Frank’s first Premier League game as a manager came with a 2-0 home win against Arsenal in 2021 with Raya and Norgaard both involved, but the duo will now line up against him on Sunday.
“Two of them are now traitors and moved to the wrong club!” said the Dane with a grin.
Although Arteta remains in charge at Arsenal, plenty has changed in the intervening years on both sides of the north London divide and Frank believes the same can be said about both managers coming into the game.
“Arteta is a good manager. He’s one of the managers who respect all the phases of the game,” said the Tottenham head coach. “That was a special game [in 2021]. It was our first game in the Premier League. It was a day I’ll never forget.
“I definitely learned a lot in the last four years about the different teams, about myself. [It’s about] adding layers with the team, with myself, to communication, leadership, small tactical tweaks. I have clear principles but am constantly developing and tweaking them.”
Frank will go into Sunday’s match with the huge boost of having eight of Spurs’ 12 unavailable players back in contention, including Mohammed Kudus, Lucas Bergvall and Randal Kolo Muani, who will play in a face mask after suffering a fractured jaw in the draw against Manchester United before the international break.
The Lilywhites boss also said that he is “pretty sure” Dominic Solanke will not require further surgery on his ankle and is comfortable that the striker will be back soon after four months out with a problem that has dogged him since the summer.
“We are very aware of how we do things, when do we really push and when do we not push. Now we are in a place where we think he will go forward and we’ll take it from there,” said the Spurs boss.
Sunday’s match will showcase a battle of two teams who are strong at set pieces, Arsenal at scoring from them and Spurs in keeping them out. This season has brought a heavy focus across the league on set pieces and long throws with some suggesting that Frank’s move to north London has been a factor in that.
“Oh, I don’t know. I’ve seen Arteta has been quoted saying he’s always been interested in it for a long time,” he said. “So that I don’t know. But I’m pretty sure the bits I’ve done at Brentford have inspired a lot of clubs to focus more on set-pieces.
“And it is quite interesting that this year I go from Brentford to Tottenham, the spike in focus on set-pieces for all the teams, especially the long throws, is crazy.
“It seems like everyone is very, very focused on them, which we should be. They’re a third of our goals.

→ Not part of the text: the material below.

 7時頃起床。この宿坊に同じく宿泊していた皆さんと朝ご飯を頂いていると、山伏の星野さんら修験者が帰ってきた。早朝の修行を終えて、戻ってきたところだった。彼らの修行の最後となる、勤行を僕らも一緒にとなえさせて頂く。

So why not be very good in that phase, and very good in high pressure. We need to be good in many phases.”
The battle of the set pieces will see two of Frank’s former Brentford staff going head to head in Spurs’ Andreas Georgson and Arsenal’s Nicolas Jover as the restart experts at both north London clubs.

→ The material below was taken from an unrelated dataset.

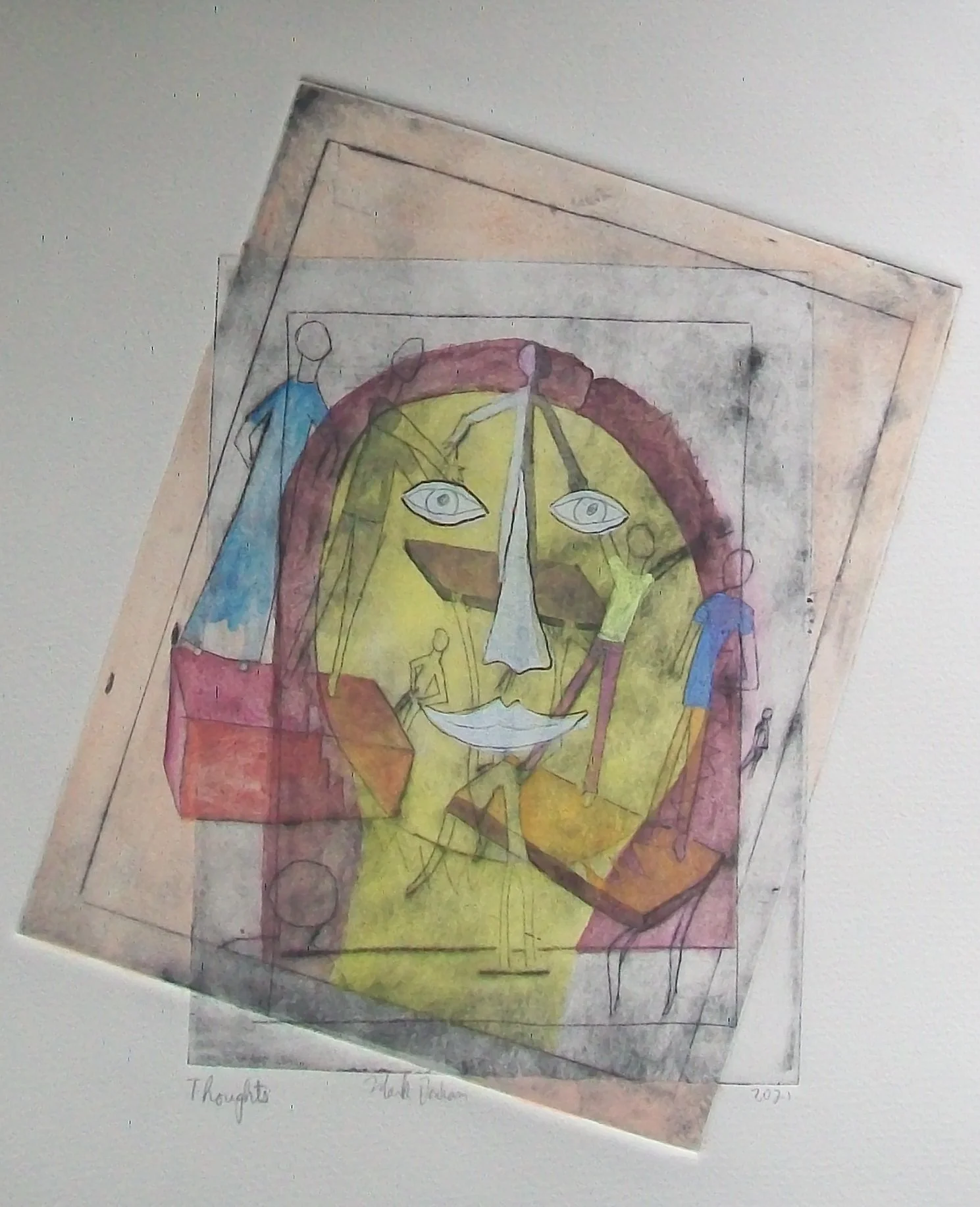 “Thoughts” (hand colored drypoint)

“Both of them are very curious, both want to learn and develop constantly by studying the game of set-pieces so in that way they have quite the same mindset in many ways, trying to find the way how you can develop set-pieces to hurt the opponent from corners and wide free-kicks,” said the Spurs boss.
“So in that they are quite similar; one is Swedish the other French so a little bit different temper. Mikel and I with our coaching staffs will have a battle – how can we get the upper hand and it will be the same with Nicolas and Andreas.”